No RA lead (n = 22) showed any change in CXR location pre- and post-LVAD implantation. No LV lead (n = 15) showed any radiographic changes pre- and post-LVAD implantation.
Clinical outcomes related to lead dysfunction
One RV lead was turned off (Patient #8), and 1 was revised (Patient #22) due to noncapture at maximal output. One patient (#25) with a decrease of >50% in RV sensing threshold was found to have 3-cm chronic ICD lead thrombus intraoperatively and underwent debridement and removal of ICD lead thrombus.
One RA lead was turned off due to undersensing and noncapture. One patient (#8) had a known dislodged RA lead from a right heart catheterization prior to LVAD implantation.
One LV lead (Patient #22) was turned off intraoperatively due to noncapture and 2 LV leads (Patients #13 and #32) were turned off at 1 week due to noncapture. During a 121-day device check for Patient #32, the LV lead was found to be capturing and functioning appropriately.

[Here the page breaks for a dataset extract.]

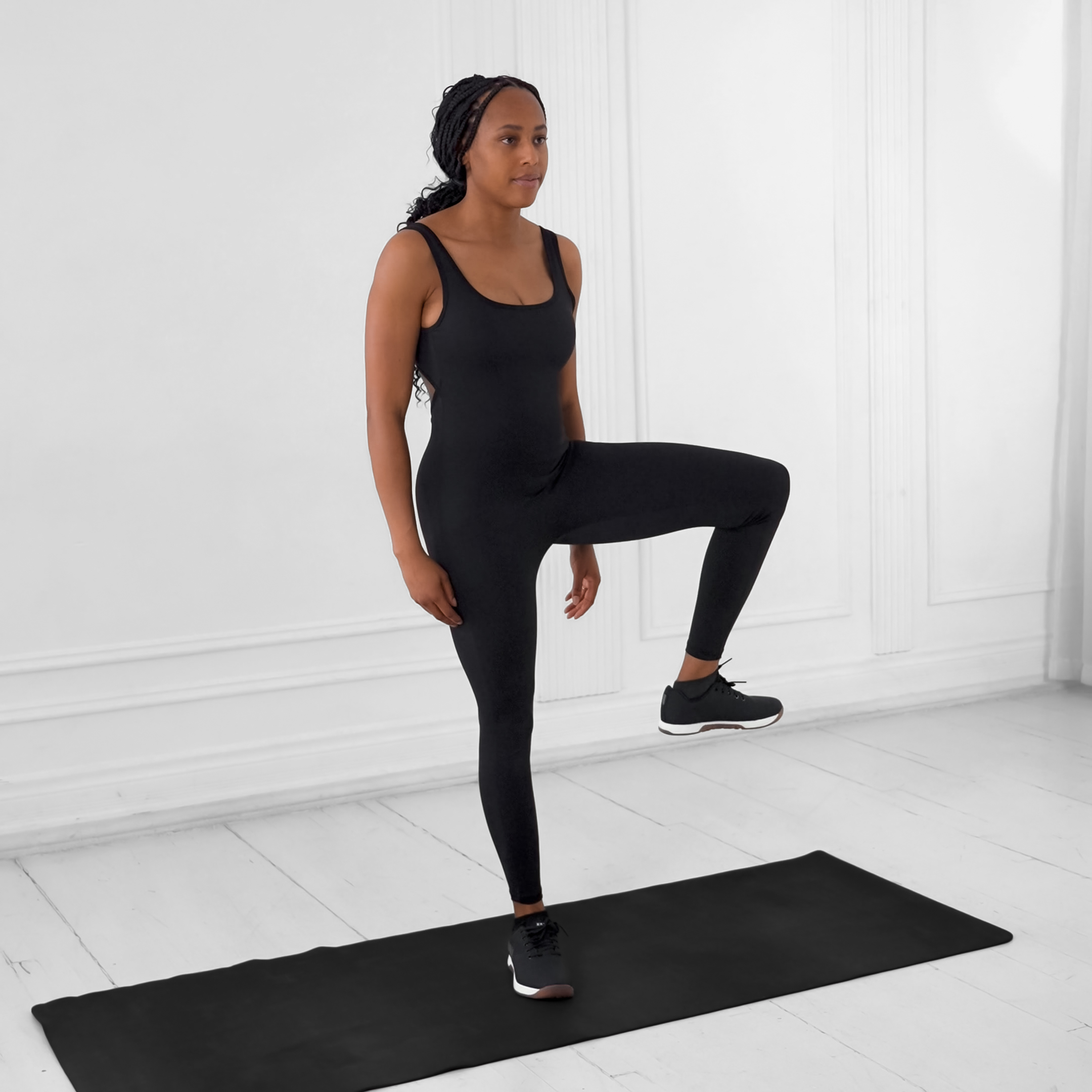 A bodyweight stretch that targets the quadriceps to improve flexibility and reduce tightness in the front thigh; commonly used post-workout for recovery, mobility, and injury prevention.

Predictors of RV lead dysfunction
Clinical, surgical, echocardiographic, and hemodynamic parameters of patients with >50% decrease in RV lead sensing (n = 7) were compared with those of patients without >50% decrease in RV lead sensing (n = 25) (Table 4). Mean time from lead implant to LVAD was 87.8 months (range: 1.5 to 94 months) in the patients with decreased RV lead sensing (n = 7) versus 30.4 months (range: 0.5 to 171) in patients with no decreased RV sensing (n = 25). Patients with decreased RV lead sensing >50% had lower GFR (48.7 ± 21.9 ml/min/1.73 m2 vs. 68.4 ± 22.5 ml/min/1.73 m2, respectively, p = 0.0489) and were more likely to have undergone concomitant RVAD placement (42.9% vs. 0%, respectively, p = 0.0071), concomitant tricuspid valve (TV) surgery (57.1% vs. 16%, respectively, p = 0.0469), or to have had cardiac tamponade or unplanned return to the operating room (57.1% vs. 12%, respectively, p = 0.0258). There were no significant differences in true bipolar sensing versus integrated bipolar sensing between leads that had >50% decrease in RV sensing and those that did not.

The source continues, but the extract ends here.